* _Prompt_
The entries below contain pictures. Write out only the lines from the line with "- 스트레스 관리 : 스트레스는" up to and including the line with "Виноград – 70", exactly, without them.

* _Data to examine_
_____
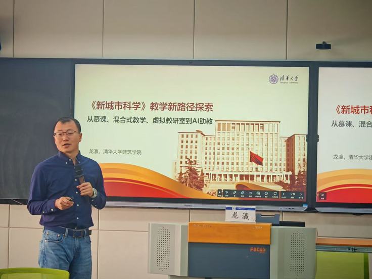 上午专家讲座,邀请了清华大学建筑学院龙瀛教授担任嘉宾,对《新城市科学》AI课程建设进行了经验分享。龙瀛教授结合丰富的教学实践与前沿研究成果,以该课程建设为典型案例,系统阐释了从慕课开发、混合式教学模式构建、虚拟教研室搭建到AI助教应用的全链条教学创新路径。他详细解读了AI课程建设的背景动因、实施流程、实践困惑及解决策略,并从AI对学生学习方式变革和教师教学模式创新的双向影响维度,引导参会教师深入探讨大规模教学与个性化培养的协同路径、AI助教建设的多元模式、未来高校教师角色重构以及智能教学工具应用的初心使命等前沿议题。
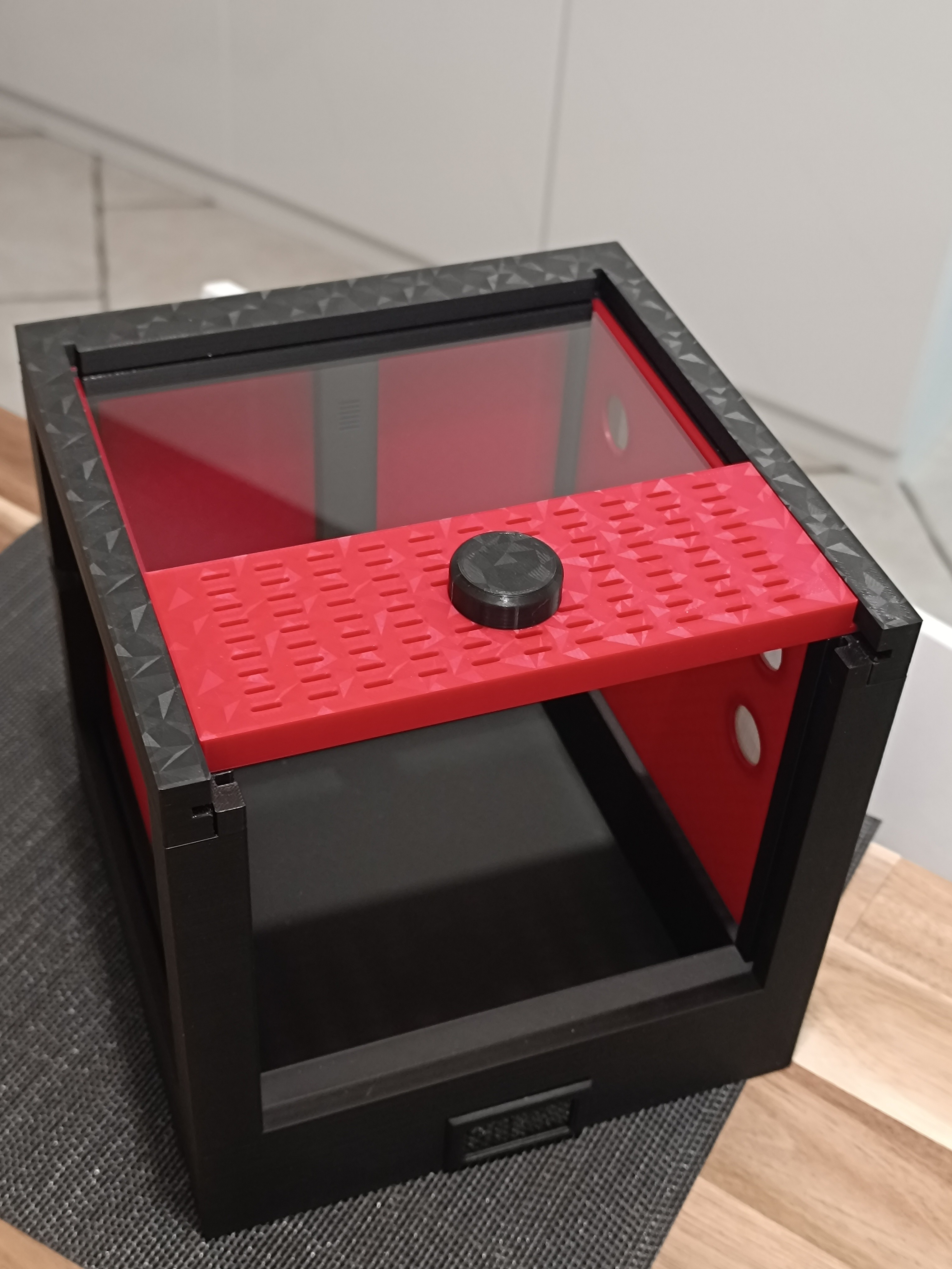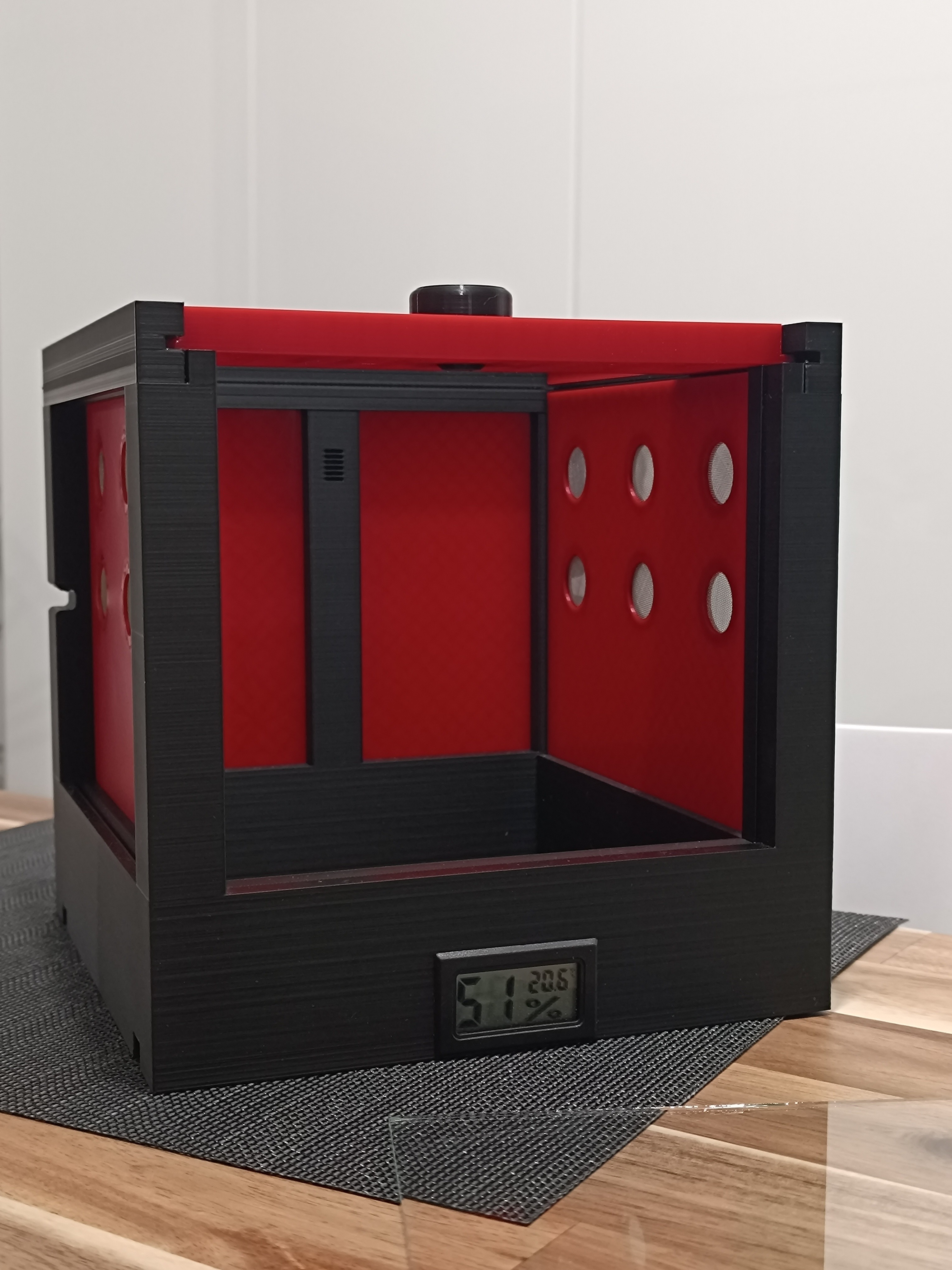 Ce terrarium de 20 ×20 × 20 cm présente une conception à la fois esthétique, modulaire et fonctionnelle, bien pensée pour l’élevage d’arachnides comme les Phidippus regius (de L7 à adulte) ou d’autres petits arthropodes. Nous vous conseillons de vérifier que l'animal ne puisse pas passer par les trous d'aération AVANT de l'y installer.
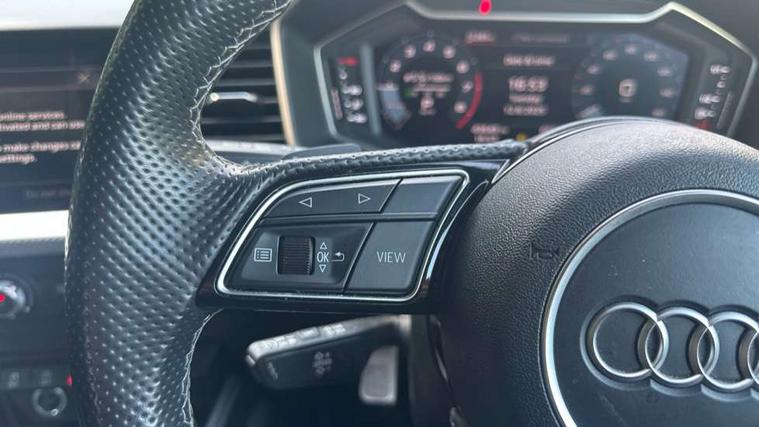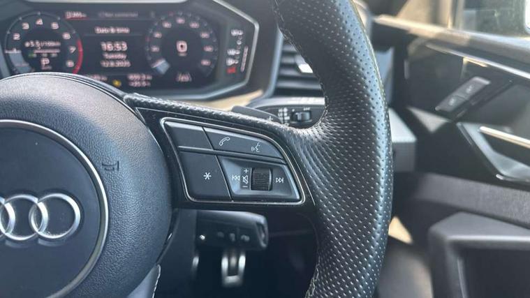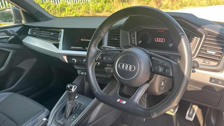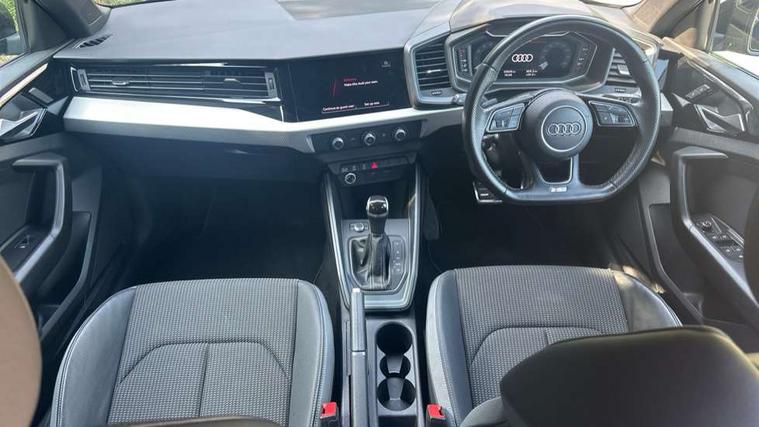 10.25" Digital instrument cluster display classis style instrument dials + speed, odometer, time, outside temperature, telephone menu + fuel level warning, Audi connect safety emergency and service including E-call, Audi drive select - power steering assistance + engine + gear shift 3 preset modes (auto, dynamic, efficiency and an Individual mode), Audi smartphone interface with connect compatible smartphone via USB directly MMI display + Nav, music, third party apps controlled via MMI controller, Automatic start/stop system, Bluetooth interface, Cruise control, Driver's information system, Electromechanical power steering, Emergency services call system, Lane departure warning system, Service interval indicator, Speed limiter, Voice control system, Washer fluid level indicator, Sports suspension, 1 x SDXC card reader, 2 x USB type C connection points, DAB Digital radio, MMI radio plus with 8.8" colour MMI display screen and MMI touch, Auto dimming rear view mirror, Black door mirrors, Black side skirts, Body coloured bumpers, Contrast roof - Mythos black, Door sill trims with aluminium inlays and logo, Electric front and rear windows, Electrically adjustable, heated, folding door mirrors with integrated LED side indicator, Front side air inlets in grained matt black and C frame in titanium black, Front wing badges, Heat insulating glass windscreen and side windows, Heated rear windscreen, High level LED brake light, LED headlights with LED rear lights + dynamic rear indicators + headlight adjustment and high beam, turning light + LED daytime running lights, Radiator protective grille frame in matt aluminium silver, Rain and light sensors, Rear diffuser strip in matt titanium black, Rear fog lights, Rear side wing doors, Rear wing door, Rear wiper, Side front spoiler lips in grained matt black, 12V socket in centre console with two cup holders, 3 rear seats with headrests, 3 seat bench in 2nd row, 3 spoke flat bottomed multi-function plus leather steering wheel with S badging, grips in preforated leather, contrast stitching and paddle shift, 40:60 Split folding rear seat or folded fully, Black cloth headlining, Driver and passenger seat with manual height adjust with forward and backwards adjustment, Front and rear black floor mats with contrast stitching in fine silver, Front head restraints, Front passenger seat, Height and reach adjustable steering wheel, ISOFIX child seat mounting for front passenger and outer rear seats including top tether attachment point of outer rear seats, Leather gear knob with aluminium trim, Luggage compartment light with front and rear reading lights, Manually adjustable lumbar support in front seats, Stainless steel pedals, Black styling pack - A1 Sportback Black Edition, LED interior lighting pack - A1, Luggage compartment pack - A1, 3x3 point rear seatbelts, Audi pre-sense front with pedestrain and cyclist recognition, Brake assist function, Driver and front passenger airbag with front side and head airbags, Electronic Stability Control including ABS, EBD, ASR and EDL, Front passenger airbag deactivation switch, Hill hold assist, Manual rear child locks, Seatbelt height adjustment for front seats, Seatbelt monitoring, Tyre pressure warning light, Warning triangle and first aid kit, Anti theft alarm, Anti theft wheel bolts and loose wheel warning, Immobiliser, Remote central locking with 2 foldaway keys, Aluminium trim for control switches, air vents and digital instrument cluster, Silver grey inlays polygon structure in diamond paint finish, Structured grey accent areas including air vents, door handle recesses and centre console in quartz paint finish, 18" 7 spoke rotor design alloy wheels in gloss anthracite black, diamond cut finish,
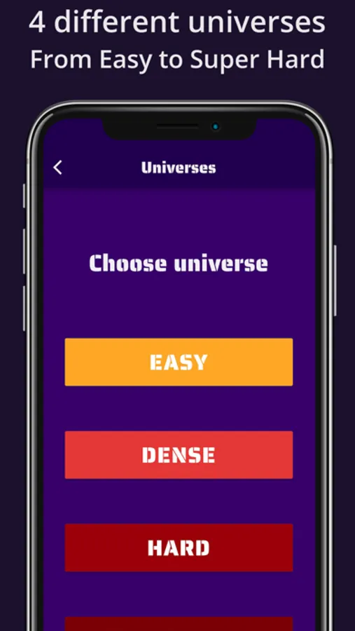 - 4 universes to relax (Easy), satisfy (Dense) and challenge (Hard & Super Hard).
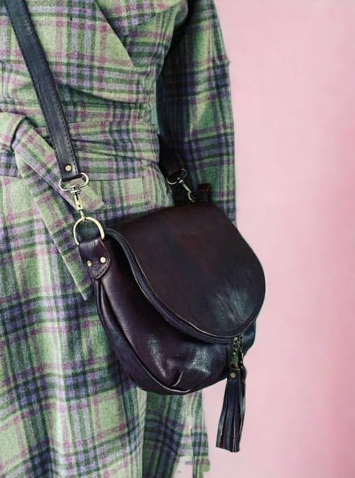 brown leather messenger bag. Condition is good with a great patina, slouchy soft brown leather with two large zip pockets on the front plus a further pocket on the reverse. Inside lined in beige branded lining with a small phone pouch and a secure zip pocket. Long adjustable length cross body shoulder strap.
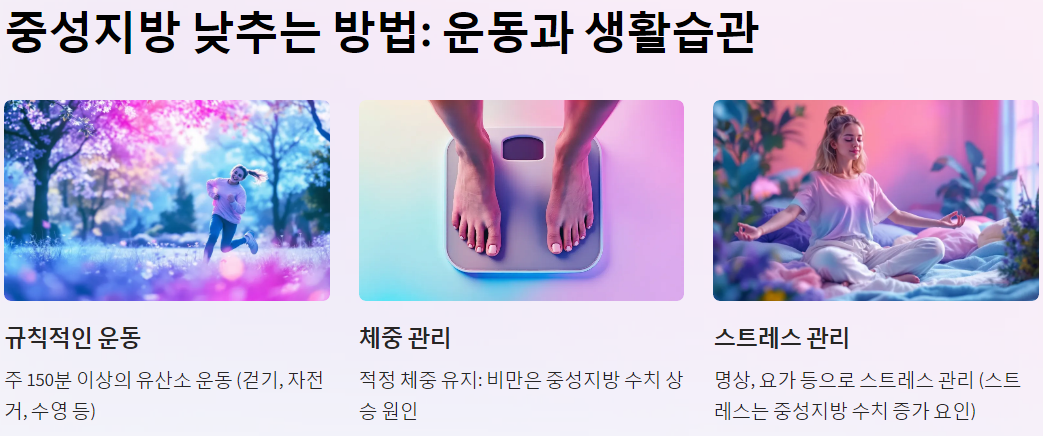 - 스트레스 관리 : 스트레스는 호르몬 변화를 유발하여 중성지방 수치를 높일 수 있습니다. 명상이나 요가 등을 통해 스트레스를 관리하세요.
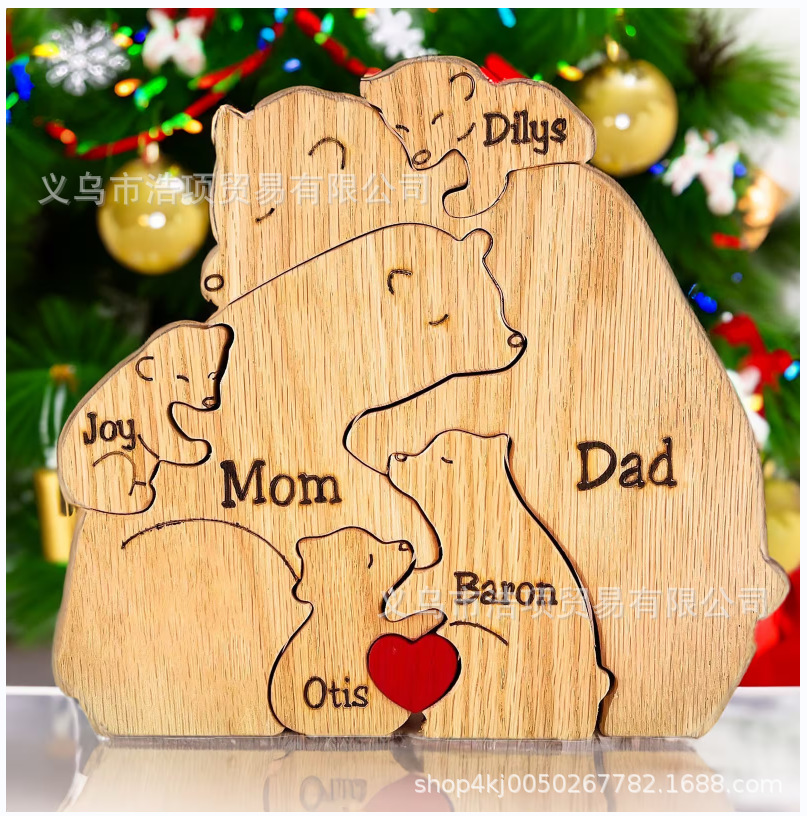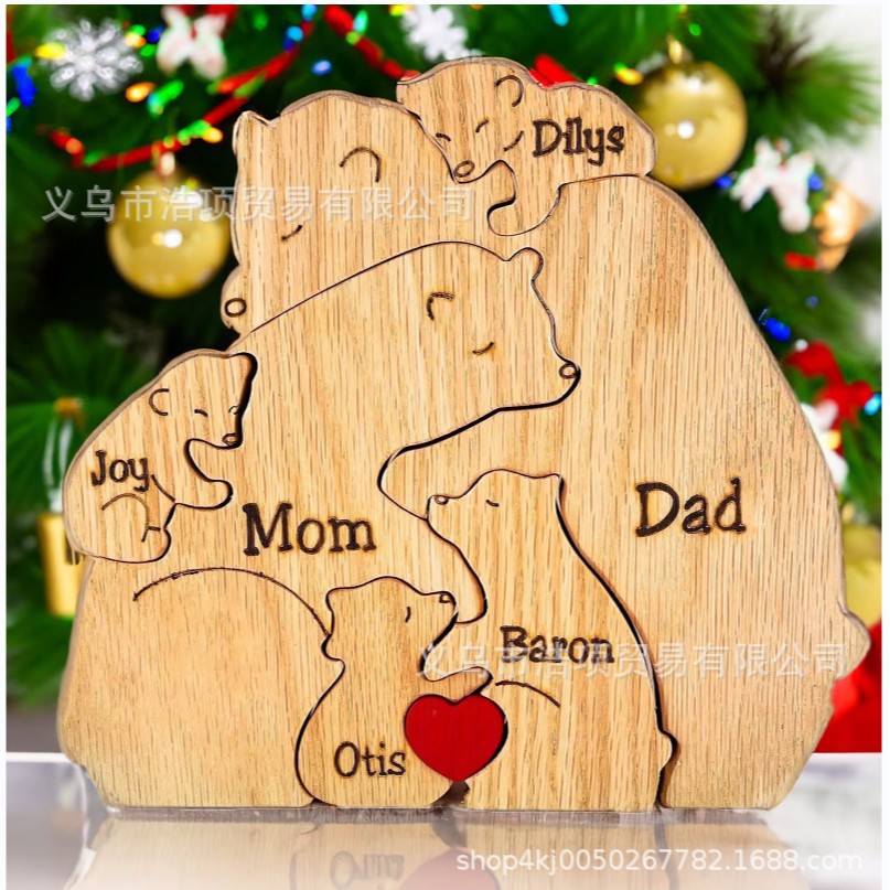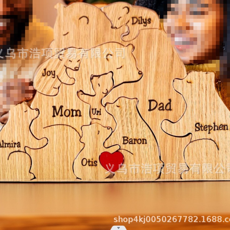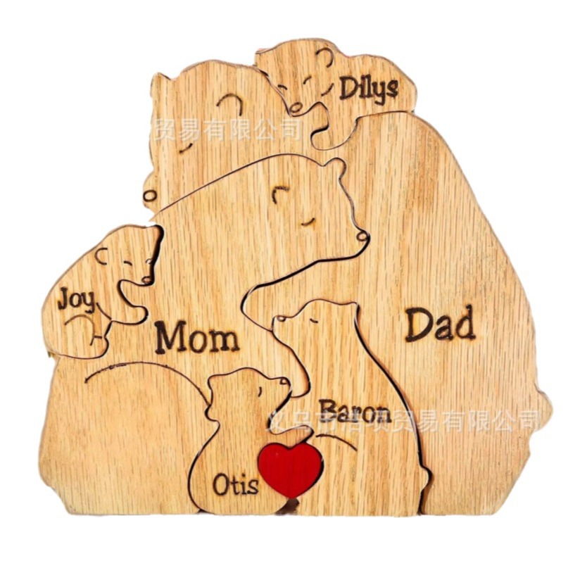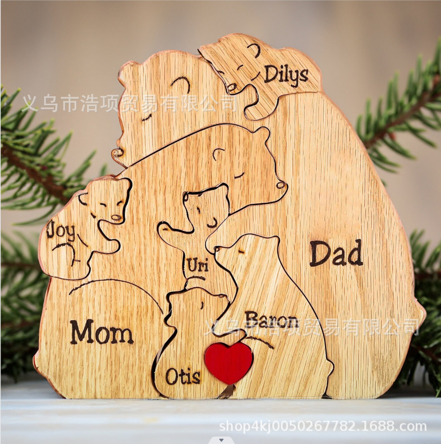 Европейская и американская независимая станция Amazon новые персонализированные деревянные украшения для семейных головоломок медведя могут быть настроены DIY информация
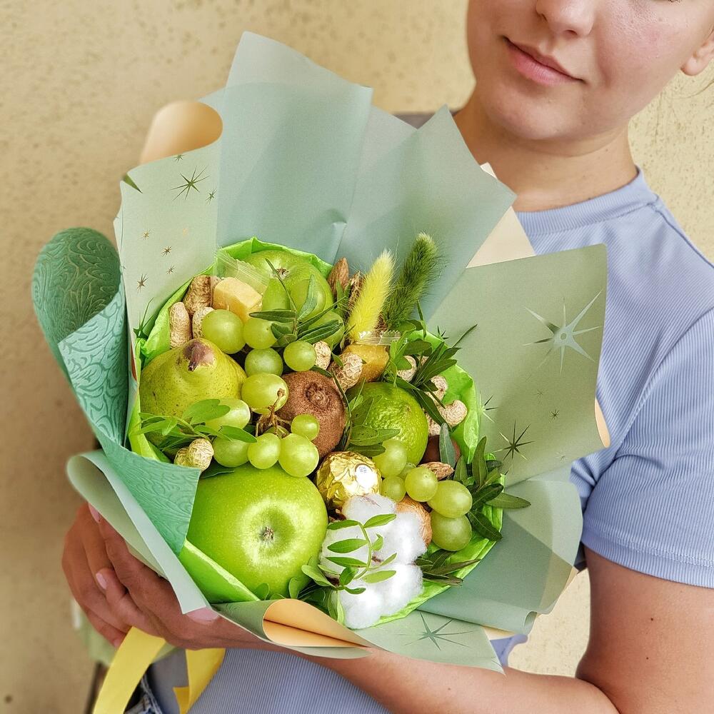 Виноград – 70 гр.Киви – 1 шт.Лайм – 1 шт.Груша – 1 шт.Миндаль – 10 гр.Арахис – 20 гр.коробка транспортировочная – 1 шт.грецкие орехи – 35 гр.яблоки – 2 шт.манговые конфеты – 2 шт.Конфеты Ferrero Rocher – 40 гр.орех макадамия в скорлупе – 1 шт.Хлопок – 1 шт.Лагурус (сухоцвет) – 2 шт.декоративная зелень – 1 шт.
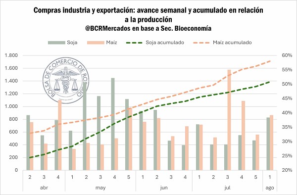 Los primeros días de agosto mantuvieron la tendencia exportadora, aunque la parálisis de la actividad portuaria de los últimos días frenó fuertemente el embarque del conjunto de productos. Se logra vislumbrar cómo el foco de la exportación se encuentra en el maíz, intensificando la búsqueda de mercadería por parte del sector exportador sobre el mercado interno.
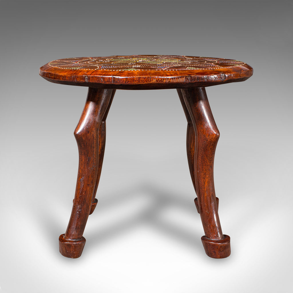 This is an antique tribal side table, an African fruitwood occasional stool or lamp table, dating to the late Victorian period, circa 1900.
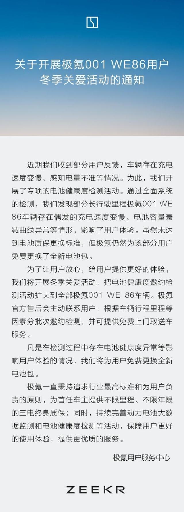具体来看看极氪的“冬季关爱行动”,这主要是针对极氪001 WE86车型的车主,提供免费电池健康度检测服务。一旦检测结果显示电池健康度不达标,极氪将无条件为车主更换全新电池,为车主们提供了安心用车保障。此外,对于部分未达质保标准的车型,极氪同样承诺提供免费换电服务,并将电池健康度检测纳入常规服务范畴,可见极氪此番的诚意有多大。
_____
* _Exercise solution_
 - 스트레스 관리 : 스트레스는 호르몬 변화를 유발하여 중성지방 수치를 높일 수 있습니다. 명상이나 요가 등을 통해 스트레스를 관리하세요.
 Европейская и американская независимая станция Amazon новые персонализированные деревянные украшения для семейных головоломок медведя могут быть настроены DIY информация
 Виноград – 70 гр.Киви – 1 шт.Лайм – 1 шт.Груша – 1 шт.Миндаль – 10 гр.Арахис – 20 гр.коробка транспортировочная – 1 шт.грецкие орехи – 35 гр.яблоки – 2 шт.манговые конфеты – 2 шт.Конфеты Ferrero Rocher – 40 гр.орех макадамия в скорлупе – 1 шт.Хлопок – 1 шт.Лагурус (сухоцвет) – 2 шт.декоративная зелень – 1 шт.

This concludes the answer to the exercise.